Ośmioletnia Marissa z Hull cierpi na chłoniaka złośliwego. Pokażmy, że może liczyć na nas i weprzyjmy jej rodzinę finansowo. Dajmy tej wspaniałej i odważnej dziewczynce powód do uśmiechu, a obawy finansowe jej rodziny niech zastąpi pewność i szczęście ze wzajemnej obecności 🙂

Prosimy o wpłaty, dzielenie i polubienia na Facebook-u. Niech nasza akcja rozniesie się po świecie 🙂

Wpłaty można dokonywać:

Poniżej mama Marissy opisała jej historię:

„Witam Wszystkich,

Mam na imię Weronika Musiałowska Kaczmar i jestem mamą kochanej i dzielnej 8 letniej Marissy.

W lutym 2016 roku zdiagnozowano u córeczki nowotwór- złoślowy Chłoniak Limfoblastyczny z limfocytów T o bardzo agresywnym przebiegu.
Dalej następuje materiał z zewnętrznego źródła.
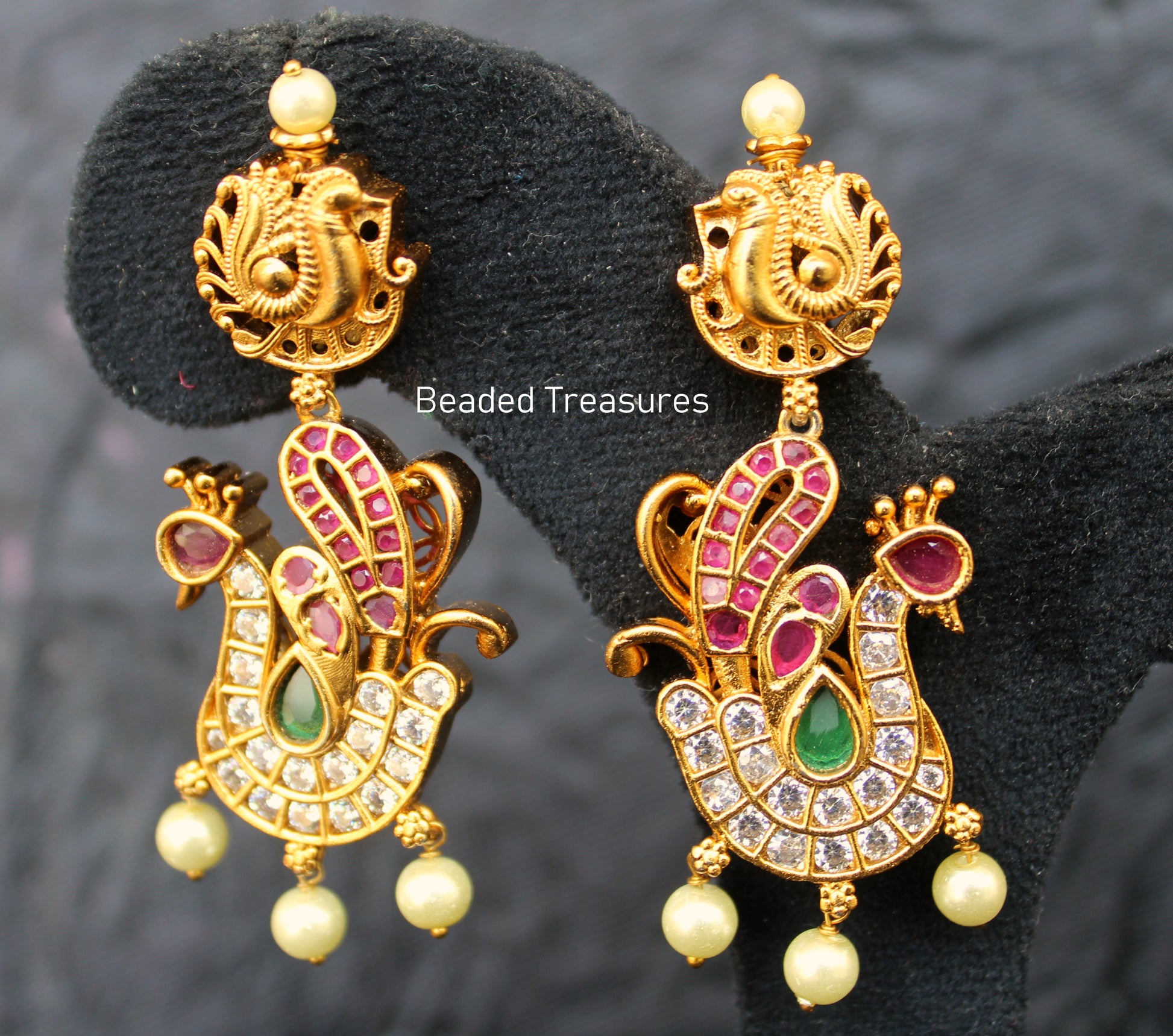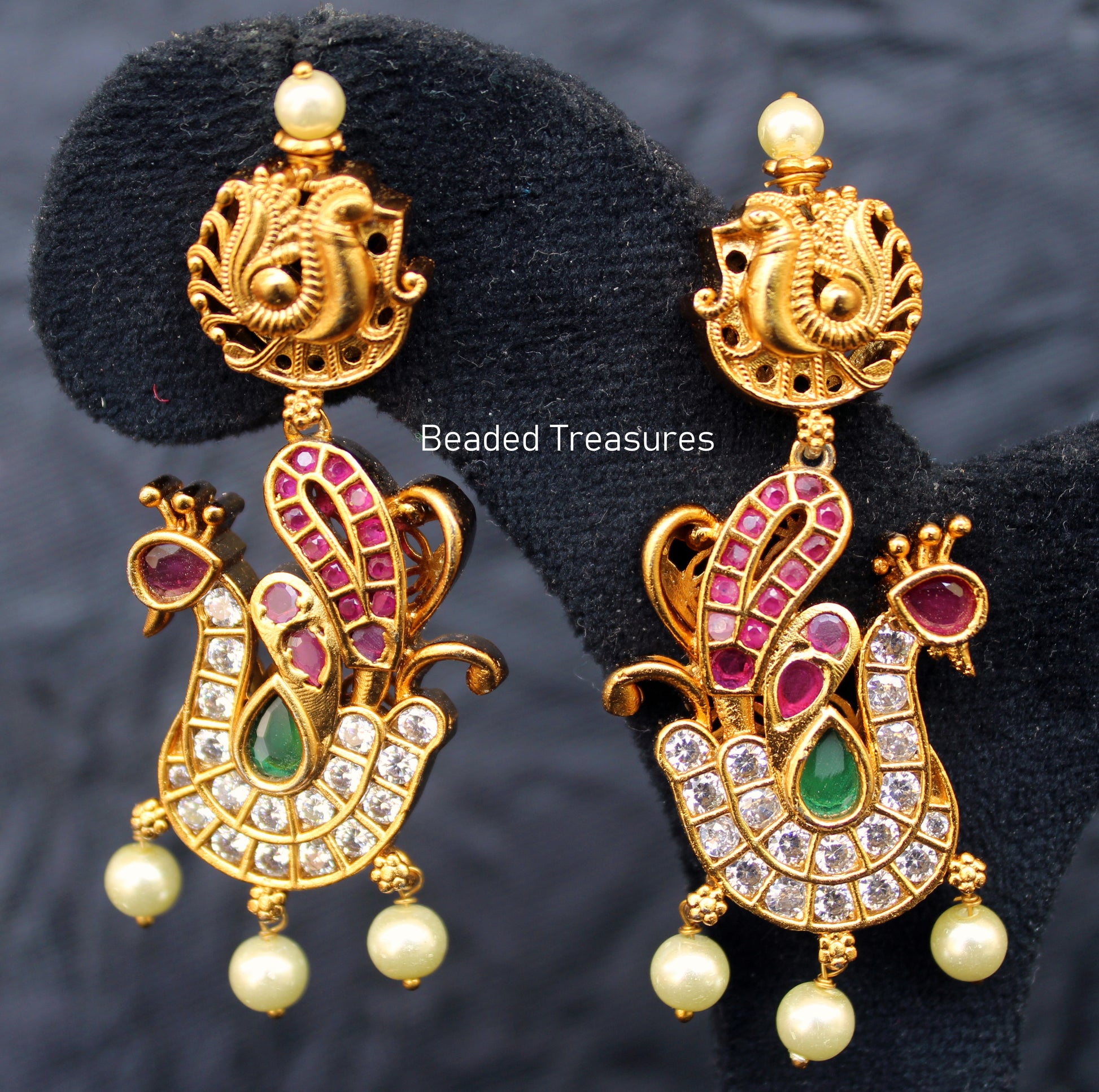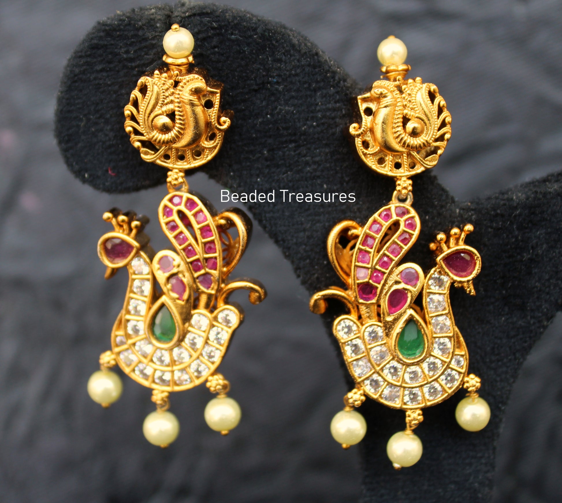 - Exquisite Antique Gold Finish Peacock Earrings featuring vibrant Kemp (ruby-like) and green stones, sparkling white stones (likely CZ), and delicate pearl drops, handcrafted by Beaded Treasures in Bengaluru.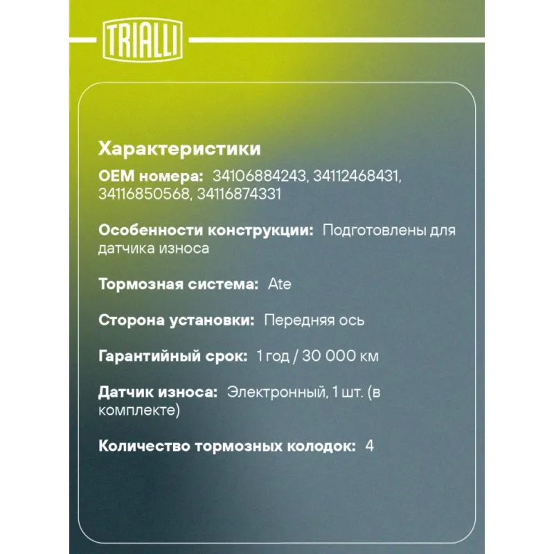 | Гарантийный срок | 1 год / 30 000 км |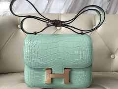 Hermès(爱马仕)Constance Alligator matt 雾面鳄鱼 6U 薄荷绿 玫瑰金 18cm

Znaleziono 10 cm guz w śródpiersiu, który naciskał na drogi oddechowe i serduszko i spowodował naciek w prawym płucu.

To był dla Marissy, dla nas ogromny cios…

W tym dniu nasz świat się zawalił a serca rozpadły sie na malutki kawałki.
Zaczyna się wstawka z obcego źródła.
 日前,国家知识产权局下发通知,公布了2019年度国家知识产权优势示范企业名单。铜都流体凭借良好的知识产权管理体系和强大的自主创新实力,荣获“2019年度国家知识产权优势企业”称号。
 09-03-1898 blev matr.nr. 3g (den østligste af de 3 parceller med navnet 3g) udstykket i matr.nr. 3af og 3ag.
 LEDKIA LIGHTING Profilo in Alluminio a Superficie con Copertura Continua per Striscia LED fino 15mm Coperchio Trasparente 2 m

Nie wierzyliśmy w to co sie stało….Nasze dotychczasowe życie uległo dramatycznej zmianie.

Od tej pory każdy dzień jest walką o życie ukochanej córeczki!! Rok walki już za nami, jednak leczenie córci potrwa jeszcze 1,5 roku.

Ostatnie 15 miesięcy były dla Marissy bardzo trudne, miała dużo operacji, zabiegów, egzaminów i rehabilitacji. Przeszła trzy operacje założenia dojścia centralnego, linie musiały być wymienione, gdyż w prawym przedsionku serca pojawił się skrzep krwi, który zagrażał jej  ŻYCIU!! Przez 5 miesiecy dostawała codziennie bardzo bolesne zastrzyki w brzuszek, aby skrzep sie rozpuścił. Skrzep jednak jeszcze nie zniknął i córeczka potrzebuje stałą opiekę kardiologiczną.

Kochana Marissa jest po bardzo agresywnej chemioterapii infuzyjnej i doustnej, kuracjach sterydowych i antybiotykowych. W rezultacie tych wszystkich zabiegów córcia stała się bardzo słaba i zmęczona, zmniejszył się jej system odpornościowy. Sprawiło to, że jest Ona podatna na wszelkie infekcje, które mogą potencjalnie zagrażać jej ŻYCIU.

 

Doświadcza bardzo często bóli neuropatycznych, ma to wpływ na jej mobilność i stopień niepełnosprawności. Od pół roku córeczka używa wózka inwalidzkiego, gdyż ma problemy z chodzeniem, ubieraniem się i jedzeniem samodzielnie.

W ostatnim roku spędziliśmy bardzo dużo czasu w szpitalach walcząc o życie ukochanej Marissy i nie mogliśmy pracować. W ciągu tego czasu staraliśmy się pokryć wszystki wydatki z zaoszczędzonych pieniędzy, pożyczek i pomocy rodziny.

Jednak teraz nie jesteśmy w stanie bez Waszego wsparcia i pomocy pokryć kosztów leczenia specjalistycznego, rehabilitacji i kosztów podrózy do szpitali.

Potrzebujemy WASZEJ POMOCY, aby brak pieniędzy był ostatnim zmartwieniem W WALCE O ŻYCIE córeczki.

Proszenie o pomoc nie jest łatwe…

Jednak wierzę, że kochani z Waszą pomocą uda się wygrać tę bitwę, a na twarzy Marissy pojawi zie znowu piękny uśmiech.

Proszę Was o POMOC!!!

Każde wsparcie i każda wpłacona kwota ma dla nas ogromne znaczenie.

Bardzo dziękujemy za każde udostepnianie naszej zbiórki…to również ogromna pomoc!

POMÓŻCIE NAM, A DOBRO DO WAS POWRÓCI!!!”

 

Do Dzieła!! Pokażmy, że społeczność polonijna za granicą ma MOC!!